Niewątpliwą atrakcją tegorocznych targów będzie francuska wystawa narodowa. Trójkolorowi, których przemysł zbrojeniowy zaliczany jest do najsilniejszych na świecie, a który intensywnie zabiega praktycznie o większość ogłoszonych w ramach PMT programów operacyjnych, pojawią się w najmocniejszej obsadzie. Na targach będzie można zobaczyć sporo uzbrojenia i sprzętu wojskowego nieprezentowanego dotąd w naszym kraju. Przykładem może być pełen, wdrożony już do służby, system nowego, francuskiego żołnierza przyszłości.
Polskie atrakcje
MSPO, z całym szacunkiem dla potencjału i osiągnięć zagranicznej zbrojeniówki, to jednak przede wszystkim polska, narodowa wystawa i każdy, kto chce przekonać się na własne oczy, nad czym pracują inżynierowie z polskich firm obronnych, nie może jej przegapić. Choć praktycznie każda polska firma, która zaprezentuje się na kieleckich targach, pojawi się z jakąś nowością, to z „arcyważnych” narodowych premier na pewno wymienić trzeba prototyp Kryla, czyli nową armatohaubicę na podwoziu kołowym, nad którą pracują specjaliści z Huty Stalowa Wola, Mantę – czyli nowy bezzałogowiec pionowego startu i lądowania, nad którym pracę finalizują inżynierowie z Flytronica, oraz amfibię Wydra z AMZ Kutno.

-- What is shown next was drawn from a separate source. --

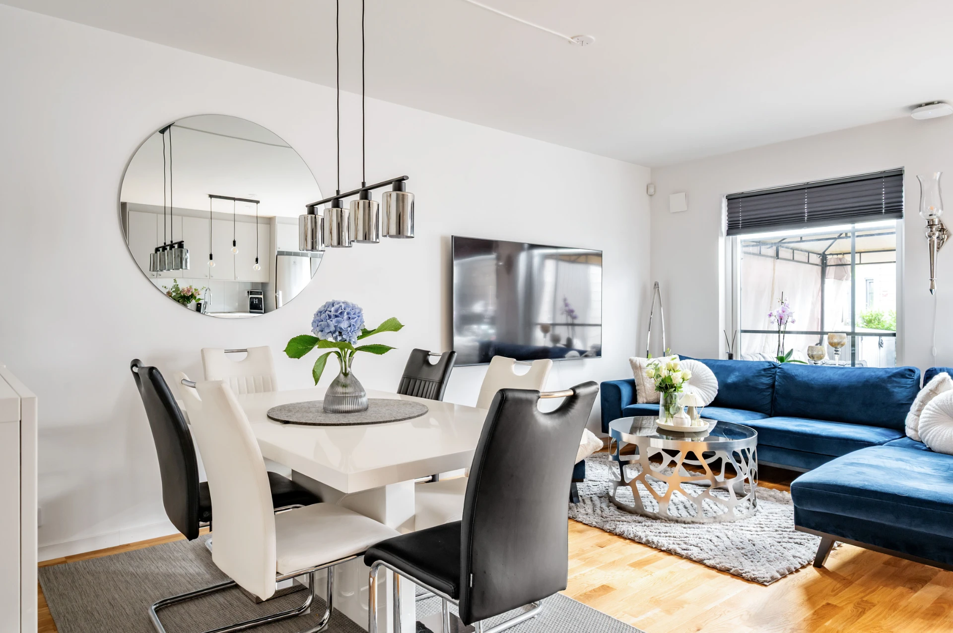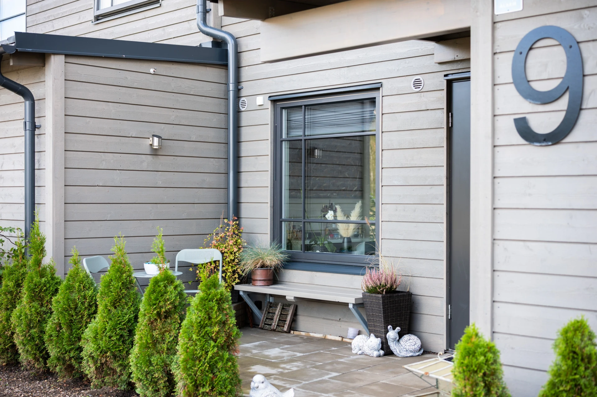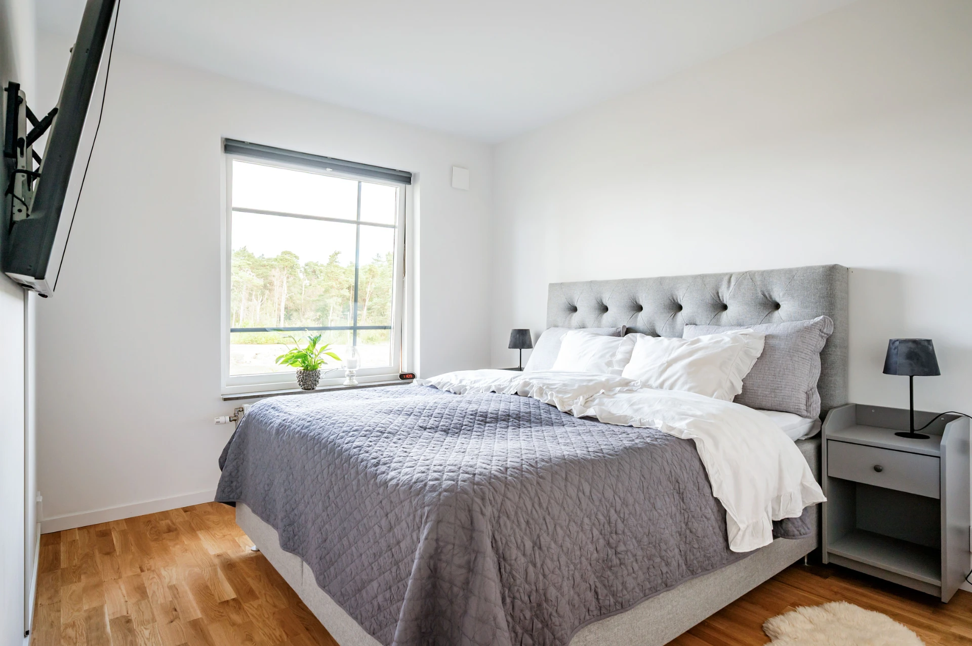 Vitmålade släta väggar. Parkettgolv i ek. Garderober.
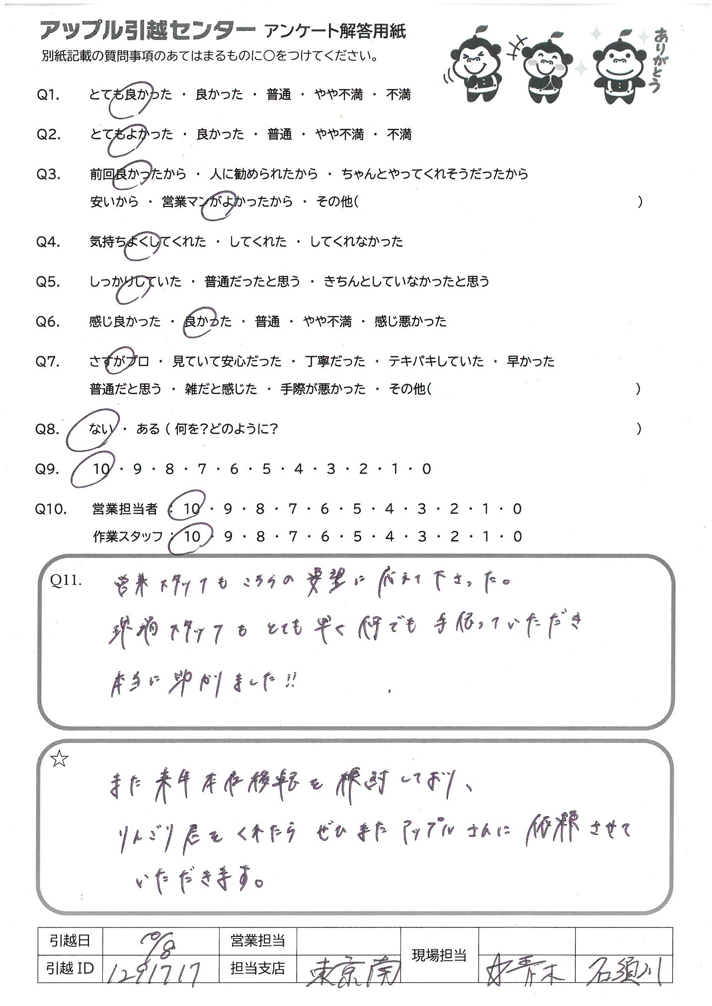 A.今度は、引越し作業いただきありがとうございました。 スムーズに対応して下さって、アップルさんにお願いしてよかったと本当に思います。これから知人や家族が引越しする時はぜひアップルさんを紹介させて頂きます。ありがとうございました。

Jeśli chodzi o polskie stoiska, to na pewno warto odwiedzić również wystawę nowego narodowego holdingu obronnego – Polskiej Grupy Zbrojeniowej, która debiutuje na MSPO. Osobiście jestem bardzo ciekaw, jak zaprezentuje się PGZ, która aspiruje nie tylko do wiodącej roli w kraju, ale również (a może przede wszystkim) do tego, aby odgrywać znaczącą rolę na światowych rynkach. Bo cokolwiek mówić o Polskim Holdingu Obronnym i jego skuteczności handlowej, to na kieleckich targach zawsze prezentowali się znakomicie.
A więc MSPO 2014 zaczynamy. Kto może przyjść – przyjechać – przylecieć, ma czas do czwartku!